Here are a few tips for choosing the best event vendors:

 

Determine your needs

First, have a brainstorming session and come up with what you want each vendor to provide on the day of the event. Having a comprehensive list of the things you want the vendor to do and provide makes it easier to judge their proposal as well as give them a good understanding of how your event should be.

It is worthy of note however that sometimes these vendors know what you need better than you do. Therefore to get the best of both worlds, ask for recommendations and combine those with your own expertise and list of needs. The recommendations given to you by vendors will also indicate how experienced and skilled they are. Be sure to take note of that.

Make a connection 

When first approaching a vendor, make sure they meet your predetermined requirements and first see if they have availability for the day(s) of the event you’re planning. There’s no point in wasting anyone’s time, and if they aren’t available, they can probably give you suggestions for other vendors. Here are some examples of the types of information you should obtain when having this initial conversation with a vendor:

Can they do all of their own tricks?

Some vendors don’t own their own equipment or have their own staff in-house. This means that if they need extra equipment or extra personnel, they’ll most likely mark up their costs to still make money on any services. This isn’t always an issue, but if it is, you might be losing money by going with this vendor.
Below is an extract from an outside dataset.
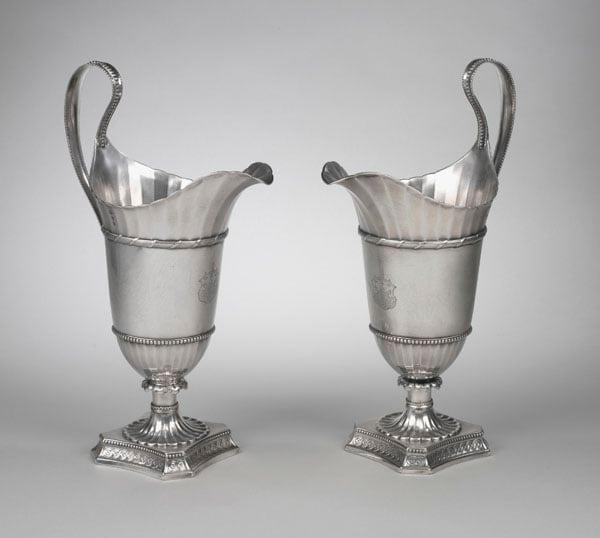 These ewers date from the pioneering years of Matthew Boulton's career as a silversmith and entrepreneur, when he was experimenting with the neo-Classical style. For a short period he employed the avant garde architect James Wyatt to provide him with designs for all kinds of silver objects and the form and ornament of these ewers correspond to these sources. The ewers relate to several other masterpieces of neo-Classicism at Temple Newsam and have a coolly understated sophistication which marks them out as objects of the highest quality.

How reliable is their team?

While email is a great way to clarify information, a phone call or a face-to-face meeting can give you a much better sense of the kind of people you’ll potentially be working with. Take time to ask about the crew that will be onsite at the event. Are they punctual? Do they clean up after themselves? You’ll want to make sure that you talk to the people who will actually be working with you, not just the salesperson. There’s nothing worse than getting sold by somebody charismatic and knowledgeable about your event, but then passed on to someone else who doesn’t uphold that impression.

What kind of work can they produce?

Avoid simply relying on glossy brochures or website information. When talking with a vendor, try to learn about the types of events they’ve done in the past or recently. Find out what types of clients they typically work with. If they have experience working in your industry, that’s always a plus. Ask for client referrals to validate the information they provide. If the information they give checks out, then you’ve started to build trust with them and if it doesn’t, then you know you can move on.
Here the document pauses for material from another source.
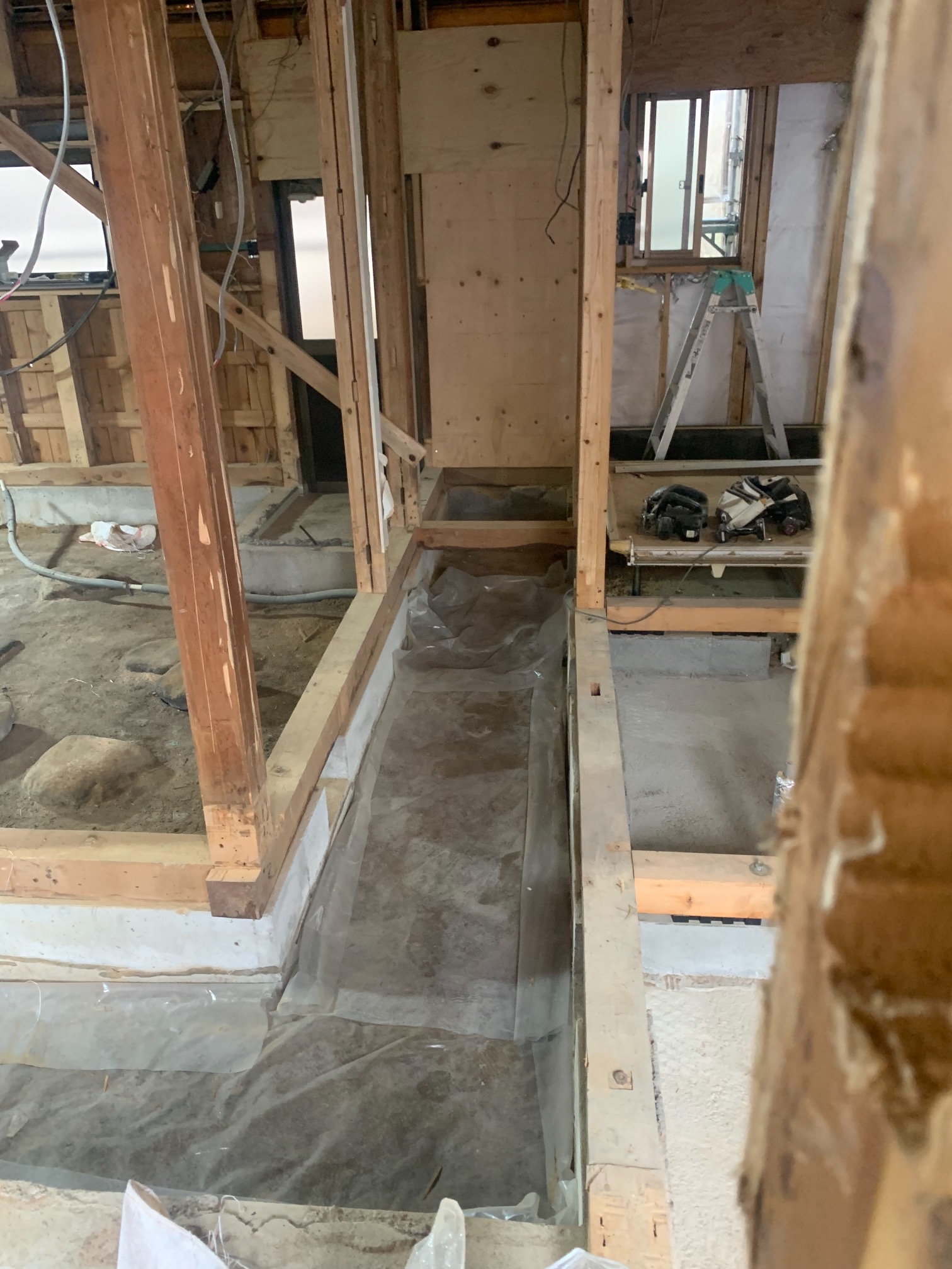 今日の様子をsw辺棟梁の愛弟子k保木君が📸UPしてくれました👍(現場を離れる際には、棟梁にもUPの仕方教えてあげてくださいね)床下の状態は、今まできちんと通気が取れていた様で良好な様子です。以前、リフォームをされたところは、防湿シートやコンクリートが施されています。床下の通気はそのまま確保し、今回は大引き+根太間にダブルで床断熱を施していきます。

It’s also good to start a genuine relationship with the vendor from day 1. After all, they’re helping you pull it all together so the stronger the relationship you have with them, the more likely it is that they will bend over backwards to make sure it all goes off without a hitch.

Request multiple quotes  

Don’t get a quote from just one vendor. Even if you’re sure you’re going to use a specific vendor, getting more than one quote is a great best practice. These quotes will serve as a benchmark for comparing vendors now and in the future. You’ll also get to see what the industry price standards are by looking at multiple vendors. The quote from one vendor you may not like might have some inclusions that your preferred vendor overlooked.
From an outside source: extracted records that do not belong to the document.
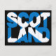 Postkartenbild von "SCOTLAND" in fett gedruckter Schrift, gemischt mit der Flagge von St. Andrew vor schwarzem Hintergrund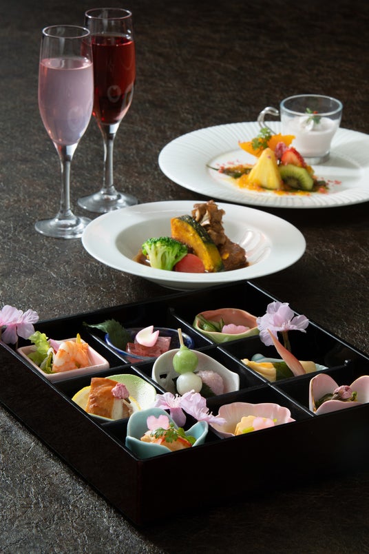九つの升に美しく配された酒肴とともに、ホテルならではのナイトロケーションで夜の花見気分を味わえる優雅なひとときをお楽しみいただけます。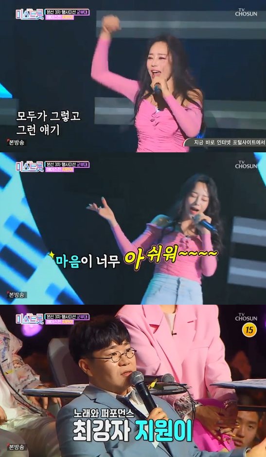 18일 오후 방송된 TV조선 오디션 프로그램 '내일은 미스트롯'에서는 본선 3차 행사미션인 군 부대에서 에이스 전에 나선 미스뽕뽕사단의 지원이의 모습이 그려졌다.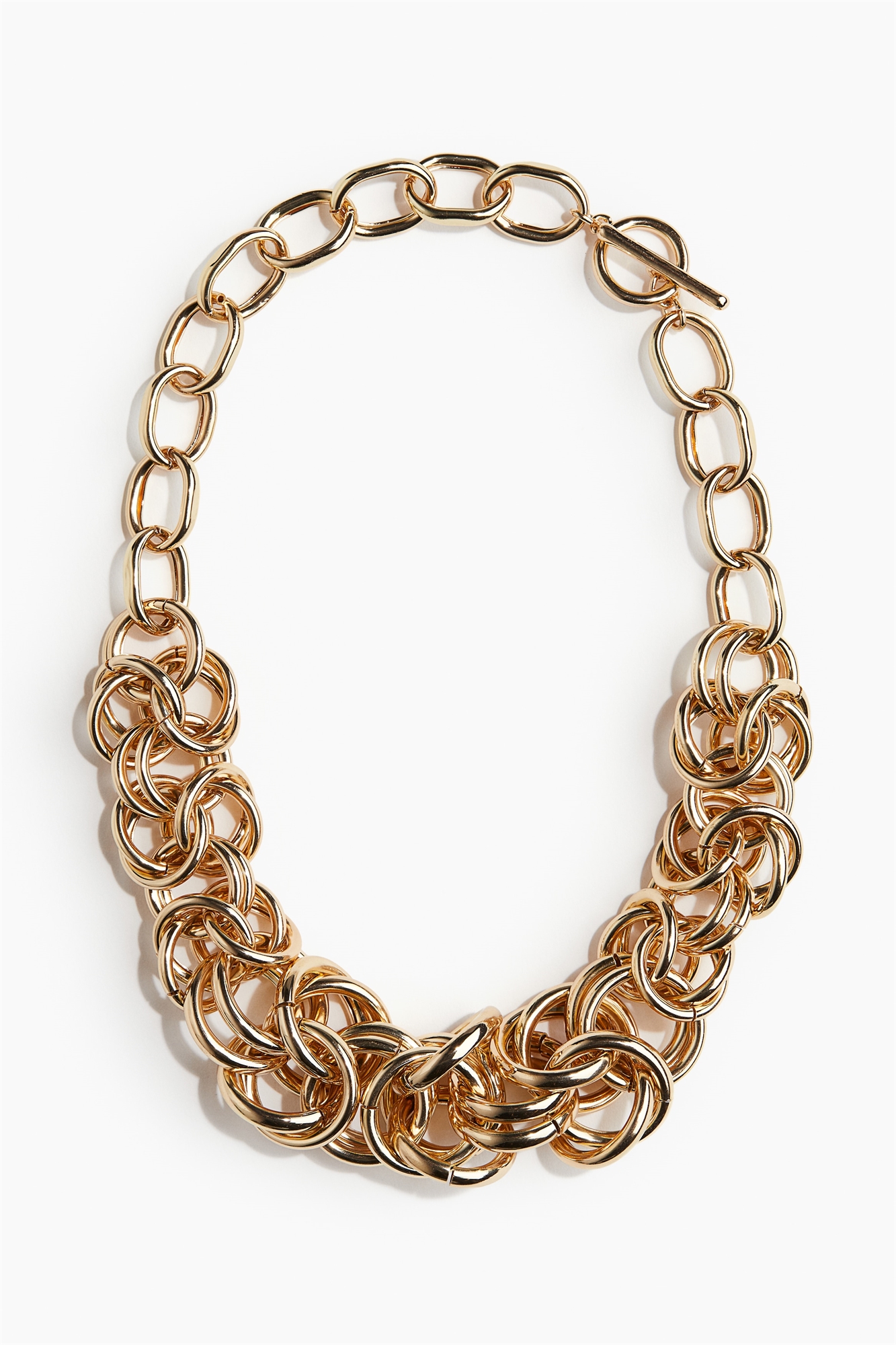 Ожерелье из толстых металлических звеньев с переплетенными кольцами спереди и застежкой-тоглом сзади.

Don’t make costs your bottom line
As a seasoned event professional, don’t choose a vendor purely on price. If your budget is a real problem, find other areas to trim it down and only hire the vendors you absolutely need. In the end, the value of the vendors will be determined by how well they performed, not just their costs.
Also, be sure to check that the quoted prices include everything and there are no additional costs. The last thing you want is to be done with the event (and event budget) and have a vendor send you additional bills that were not anticipated.